Taberi Tefsiri Bir Numaralı Kaynaktır

Hedef kitleniz kimlerdir? Alanınız olan tefsir sahasında kendinize örnek aldığınız müfessir var mıdır? Tefsir anlayışınızda geleneğin yeri nedir? Günümüz Müslümanlarının tefsir anlayışındaki temel yanlışlarına değinir misiniz?

Tefsir çalışmamda belli bir hedef kitlem yok, diyebilirim. Yani Kur’an tefsirini yazarken özellikle belli bir kitlenin istek ve beklentilerini karşılamak gibi spesifik bir amaç gözetmediğimi açıkça belirtmeliyim. Tefsir ilmi Kur’an’daki ilk ve aslî manayı tespite yönelik olduğundan, özellikle tarih, rivayet ve dil eksenli bir faaliyettir; hâliyle tefsir alanında telif edilen bir eserin rivayet malzemesinden ve dilbilimsel tahlillerden bağımsız olması söz konusu değildir.

Tefsir faaliyetinin her şeyden çok gelenekteki ilmî müktesebata dayanması gerekir. Bu yüzden, temelde gelenek ve klasik İslâmî kaynaklara dayalı tefsir çalışmamın ilmî bir eser hüviyetinde olmasına azami ihtimam gösteriyorum. Dolayısıyla bu husus dikkate alındığında, her ne kadar belli bir hedef kitlem yok demiş olsam da eserin öncelikle ve özellikle ilim çevresine hitap ettiğini söylemem gerekir.

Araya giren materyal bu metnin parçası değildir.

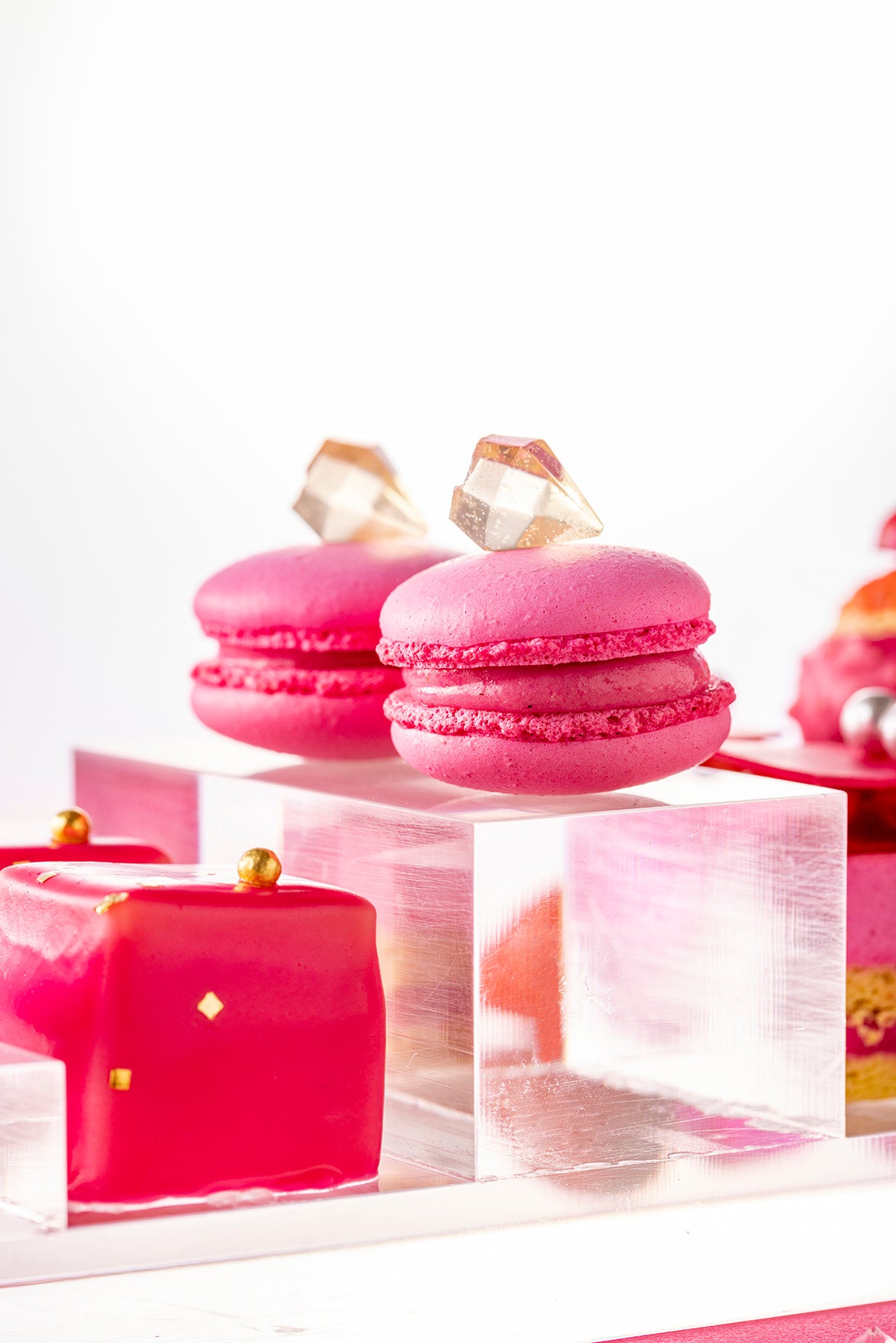 エグゼクティブペストリーシェフ 諸戸清貴によってクリエイトされたスイーツは、サプライズを秘めた味わいを。ストロベリーチョコレートのなめらかなクリームにむっちりとしたマシュマロを絞ったタルト、レモングラスとストロベリーソースが甘酸っぱく爽やかなスウィリ、アニスとエルダーフラワーのスパイス&ハーブが軽やかな口当たりのムースキューブなど、どれを食べても異なるフレーバーが隠れています。トップにはパールやダイヤを模ったトッピングが施され、ジュエリーボックスを開けたときのようなキュン♡な装いに。
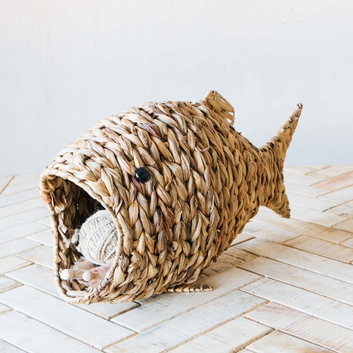 I love the fish basket for its playful yet natural aesthetic - it adds a touch of maritime charm to any space. Ideal for coastal or boho interiors, this basket works well as a quirky storage piece or decorative item on shelves or side tables. To style it effectively, consider placing it in a casual setting with other woven or rustic textures, using it to store small items like keys, mail, or even pet toys. Its eye-catching design also makes it a fun focal point, so don’t shy away from leaving it visible in open shelving or on a console. Just keep in mind that it functions best in less cluttered spaces where its unique shape can be appreciated without competing with other statement pieces.

Erken dönemlerdeki müfessirlerden Taberî ve Câmiu’l-Beyân adlı tefsiri benim için son derece özel ve önemli bir kaynaktır. Hatta diyebilirim ki Taberî’nin tefsiri kaynak eser olması bakımından bir numaradır. Klasik dönemlerde Zemahşerî’nin el-Keşşâf’ı ile Kurtubî’nin el-Câmi’ li Ahkâmi’l-Kur’ân adlı Kur’an tefsirleri de çok değerli kaynaklar arasında yer alır. Son dönemde ise Tunuslu müfessir Muhammed Tâhir İbn Âşûr’un et-Tahrîr ve’t-Tenvîr adlı tefsirine apayrı bir değer veriyorum ve tefsir çalışmamda da bu eseri sürekli el altında tutuyorum. İbn Âşûr’un tefsiri gibi ilmî bir eser ortaya çıksın diye tüm çabamı sarf ediyorum. Cenâb-ı Hak çalışmamı tamamına erdirmeyi nasip eder mi, bilmiyorum. Ama ömür vefa ettikçe, sağlığım elverdikçe elde avuçta kalan tüm enerjimi bu esere harcamak istiyorum.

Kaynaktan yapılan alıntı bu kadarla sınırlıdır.